Thousands of people have joined the ‘welovetheNHS’ campaign on Twitter to show their backing for England’s National Health Service.
The campaign was launched to defend the service after US Republicans labeled it “evil” and “Orwellian” in a bid to discredit Barack Obama’s planned healthcare reforms, which could include a Federal government insurance scheme.
Tens of thousands of people have tweeted, including British Prime Minister, Gordon Brown. He said: “The NHS so often makes the difference between pain and comfort, despair and hope, life and death.
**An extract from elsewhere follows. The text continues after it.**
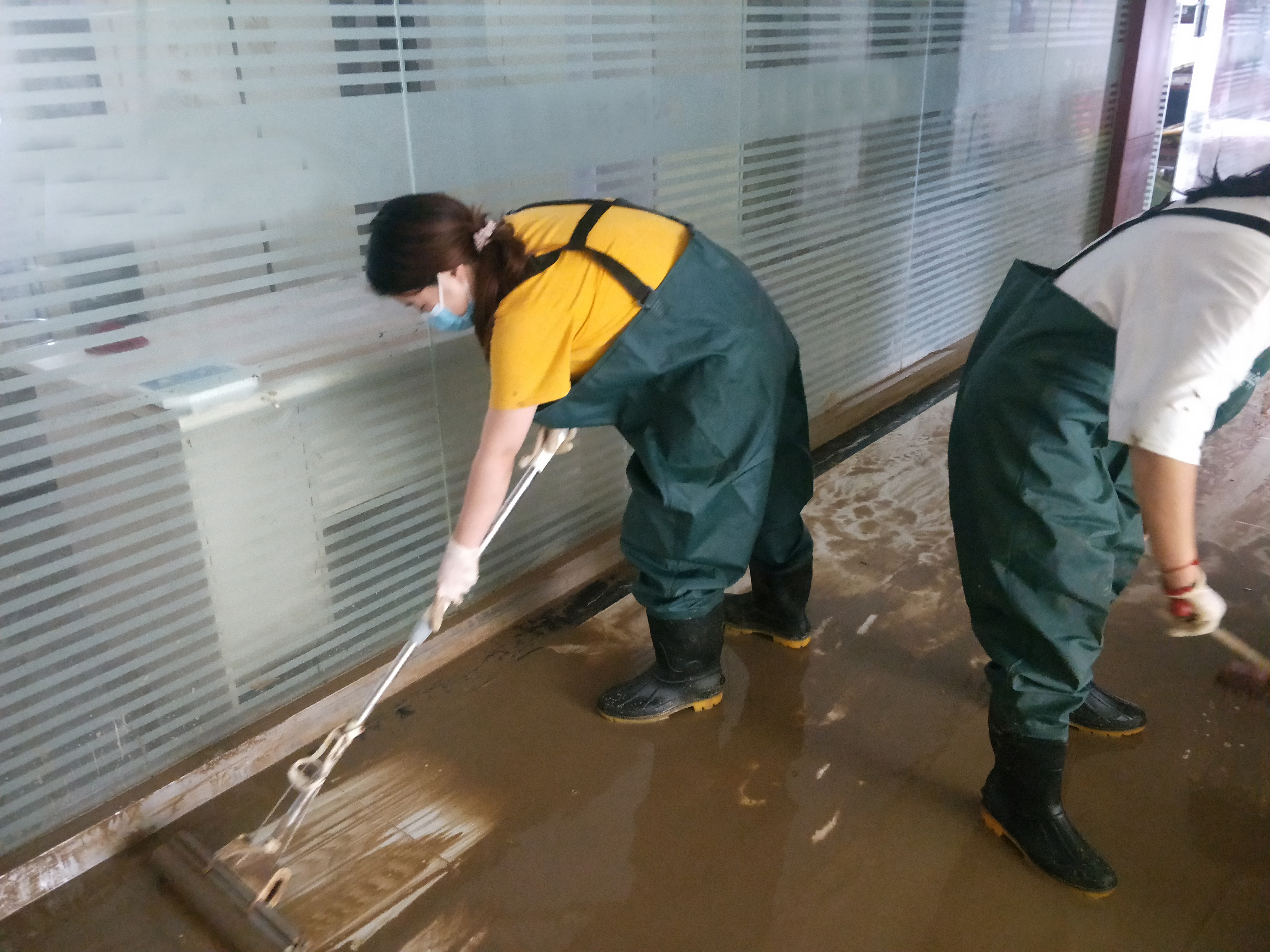 女生们清理实验室的渗水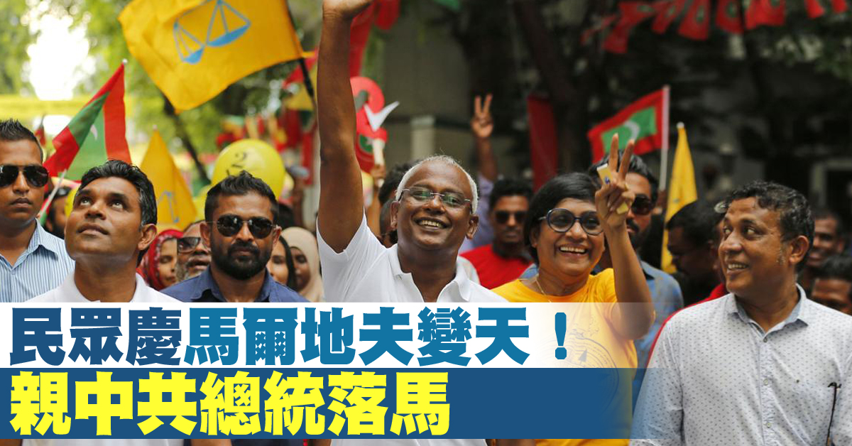 2018-09-24 20:38:58再來看到,度假勝地馬爾地夫,總統大選結果出爐,選委會今天早上公布,反對派聯合推舉的候選人索里以58.3%的得票率,成功擊敗現任的親共總統雅門。馬爾地夫民眾歡欣鼓舞,上街慶祝馬爾地夫變天。雅門也坦承敗選,將在11月中旬移交政權。

Thanks for always being there.”
His wife, Sarah Brown quickly followed with: “#welovetheNHS – more than words can say.”
The campaign was partly sparked by criticisms from Tory MP, Daniel Hannan, who told a US chat show that he “wouldn’t wish the NHS on anybody.”
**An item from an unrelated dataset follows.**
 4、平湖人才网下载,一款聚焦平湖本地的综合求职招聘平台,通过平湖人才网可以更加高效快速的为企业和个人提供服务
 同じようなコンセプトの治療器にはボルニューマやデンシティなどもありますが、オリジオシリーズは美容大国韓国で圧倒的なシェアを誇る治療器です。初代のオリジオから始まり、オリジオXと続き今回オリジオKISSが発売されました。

In response to Hannan’s comments, shadow health secretary Andrew Lansley tweeted: “There are millions of people who are grateful for the care they have received from the NHS. It does them and the NHS a disservice for Daniel Hannan to give Americans such a negative and partial view.”
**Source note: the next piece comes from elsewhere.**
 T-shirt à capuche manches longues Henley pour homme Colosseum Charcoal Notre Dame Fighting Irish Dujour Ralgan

Although opposition leader David Cameron is not signed up to the Twitter website – and has expressed his disdain for the micro-blogging service – he said that his party was 100% behind the campaign.
In an email sent to supporters he said: “Millions of people are grateful for the care they have received from the NHS – including my own family.”
On Wednesday, the campaign crashed the Twitter website after thousands of people tried to add their comments.
When E-Health Insider visited the Hashtag #welovetheNHS on Friday morning to read the comments, more than 600 were added in ten minutes.
Among the Tweet found included the post: “Seriously, I can’t list all the NHS has done my family in 140 characters, but it’s astonishing” and “It is our crowning glory, something we are united in supporting. Without it, many of us would be dead. Long live it and us!"